_Exercise details_
In the records below, the lines between the one holding "John Deere Signs!" and the one holding "milyon dollar olub.", inclusive, are to be transcribed exactly; no pictures are to be included.

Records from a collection

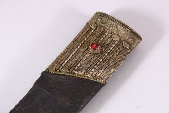 A 19TH CENTURY ISLAMIC ARABIC JAMBIYA DAGGER, with inset stones with a white metal and leather sheath, 47cm
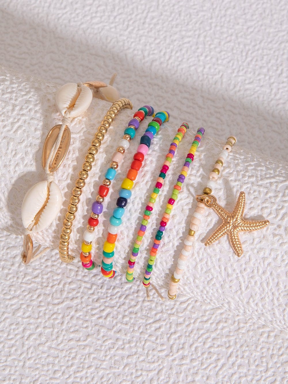 Multicolour 7pcs Starfish Seashell Beaded Bracelet Set
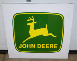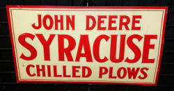 4.75"x20", very early, believe to be Pre-1900's sign, it has a really dark layer on it that might clean off with some work; has some paint starting to flake too, but overall pretty solid; We sold a different one last year in better shape; they were both found during a home remodel; not the best condition; but one of the earliest known John Deere Signs!
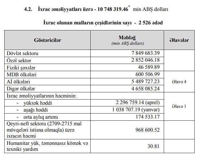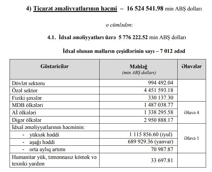 “Marja” Dövlət Gömrük Komitəsinin hesabatına istinadən xəbər verir ki, idxal əməliyyatları üzrə 5 milyard 776 milyo 222.52 min ABŞ dolları, ixrac əməliyyatları üzrə 10 milyard 748 milyon 319.46 min ABŞ dolları ticarət qeydə alınıb. Saldo müsbət 4 milyard 972 milyon dollar olub.
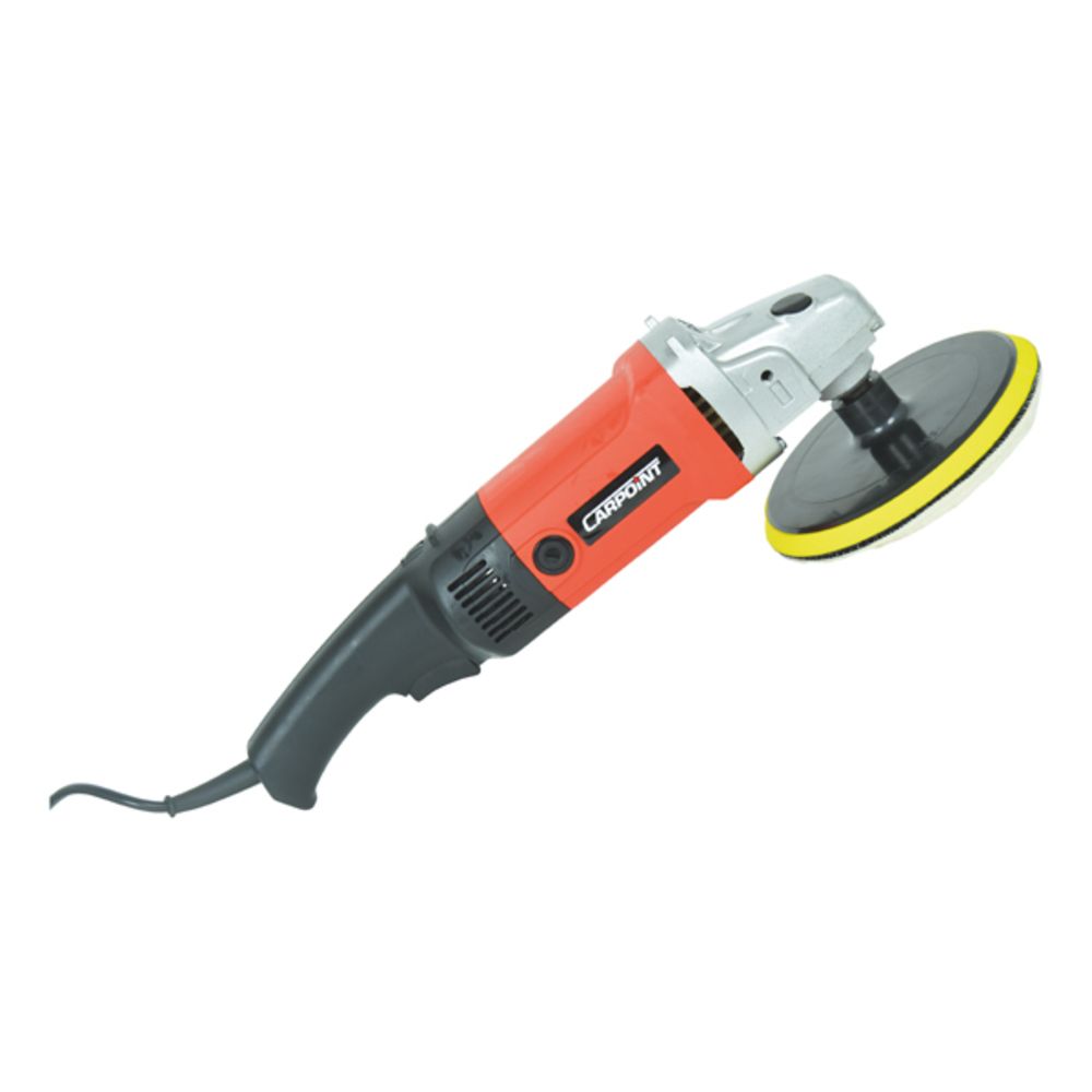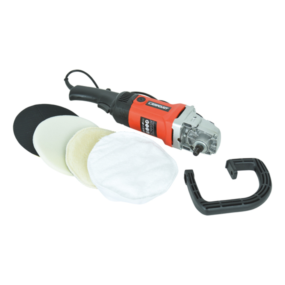 De haakse Carpoint poetsmachine met handgreep is ontworpen voor het effectief verwijderen van lakdefecten, oxidatie, lichte krasjes en swirls of het aanbrengen van een polish en wax. De pad maakt een draaiende beweging en de machine heeft 6 verschillende snelheden (polijstbewegingen: 600-30000/min) die met de draaischakelaar traploos instelbaar zijn aan de achterzijde. Lees de gebruiksaanwijzing welke snelheid het beste te gebruiken is voor de verschillende werkzaamheden.
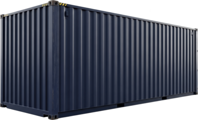 Large blue corrugated shipping container isolated on black cargo container transparent background
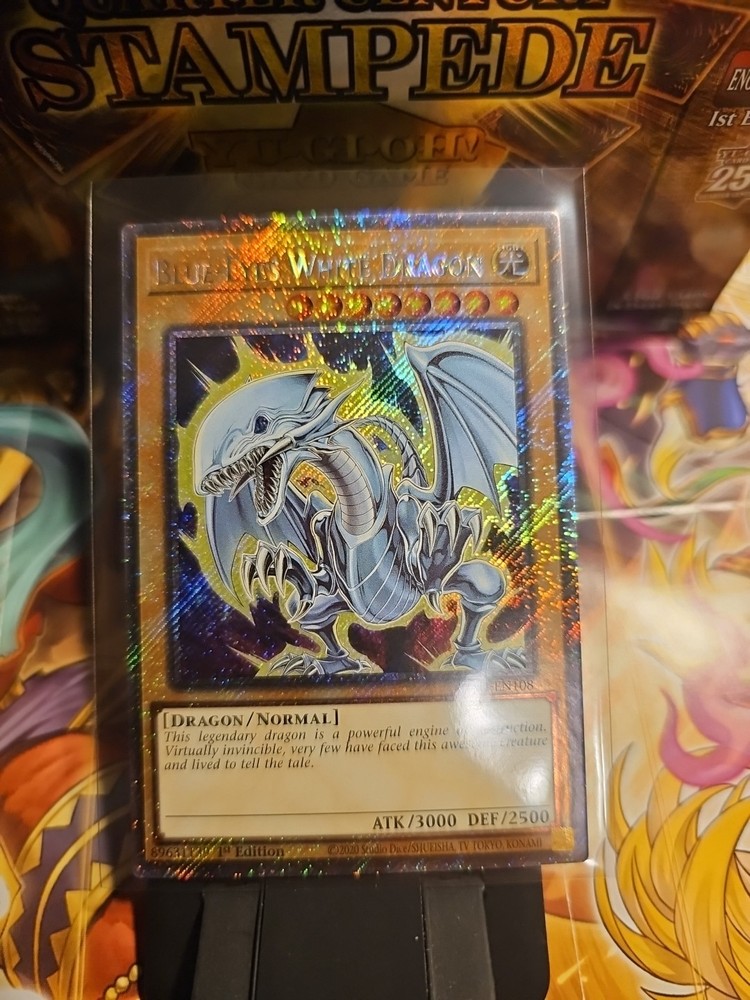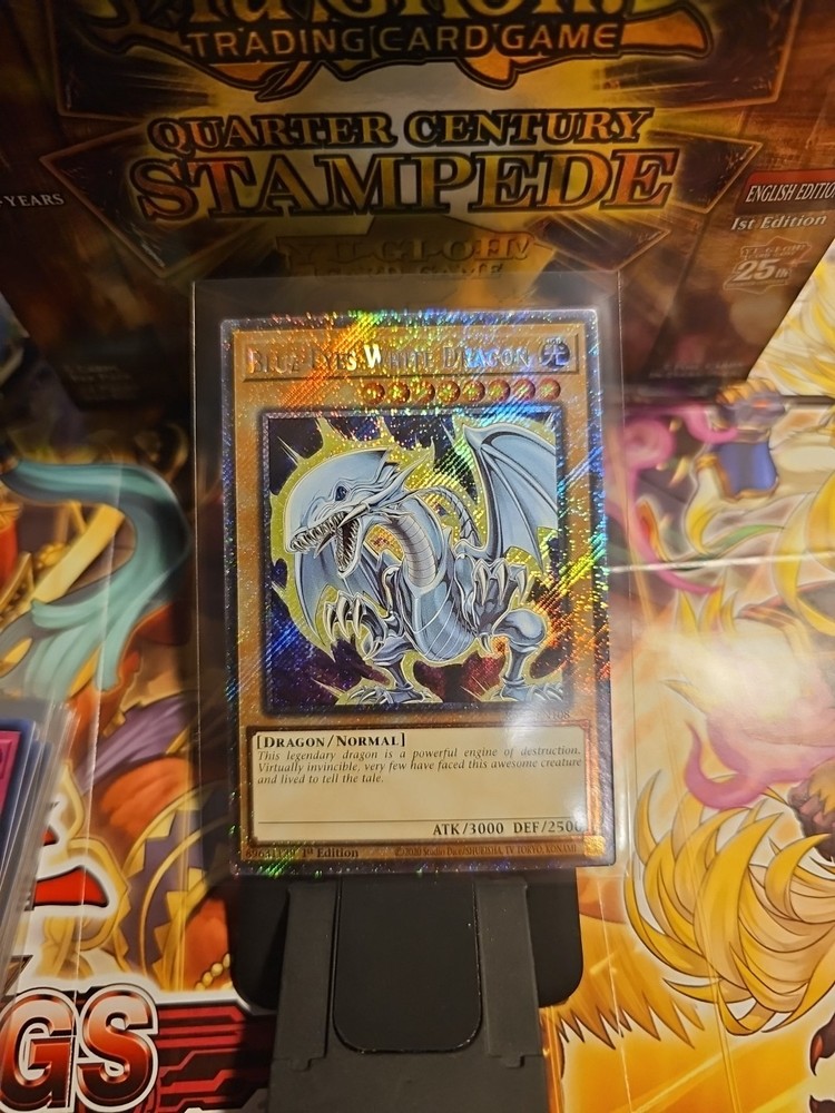 Elevate your Yu-Gi-Oh! TCG collection with the iconic Blue-Eyes White Dragon card, boasting the prestige of a Platinum Secret Rare (PSR) from the Quarter Century Stampede set. This holo card, numbered RA04-EN108, features the 7th Edition artwork that collectors and players alike have come to admire, encapsulating the essence of power and rarity in the game. As a non-autographed, English-language card produced by Konami, it's designed for duelists aged 6 and up. The Blue-Eyes White Dragon's normal card type is augmented by its unique attributes, including the sought-after 1st Edition status, ensuring it stands out in any collection or deck. This dragon's legacy is etched in the annals of Yu-Gi-Oh! TCG lore, making it a must-have for enthusiasts and competitive players.
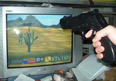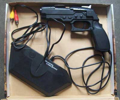 本游戏机采用电子芯片控制技术,可以在电视机上显示出稳定的彩色图像,进入游戏画面后,在显像管电视机上,还可以显示红色十字光标,用枪可以控制光标移动,扣动板机可以完成射击功能。

_Solution for this exercise_
 4.75"x20", very early, believe to be Pre-1900's sign, it has a really dark layer on it that might clean off with some work; has some paint starting to flake too, but overall pretty solid; We sold a different one last year in better shape; they were both found during a home remodel; not the best condition; but one of the earliest known John Deere Signs!
 “Marja” Dövlət Gömrük Komitəsinin hesabatına istinadən xəbər verir ki, idxal əməliyyatları üzrə 5 milyard 776 milyo 222.52 min ABŞ dolları, ixrac əməliyyatları üzrə 10 milyard 748 milyon 319.46 min ABŞ dolları ticarət qeydə alınıb. Saldo müsbət 4 milyard 972 milyon dollar olub.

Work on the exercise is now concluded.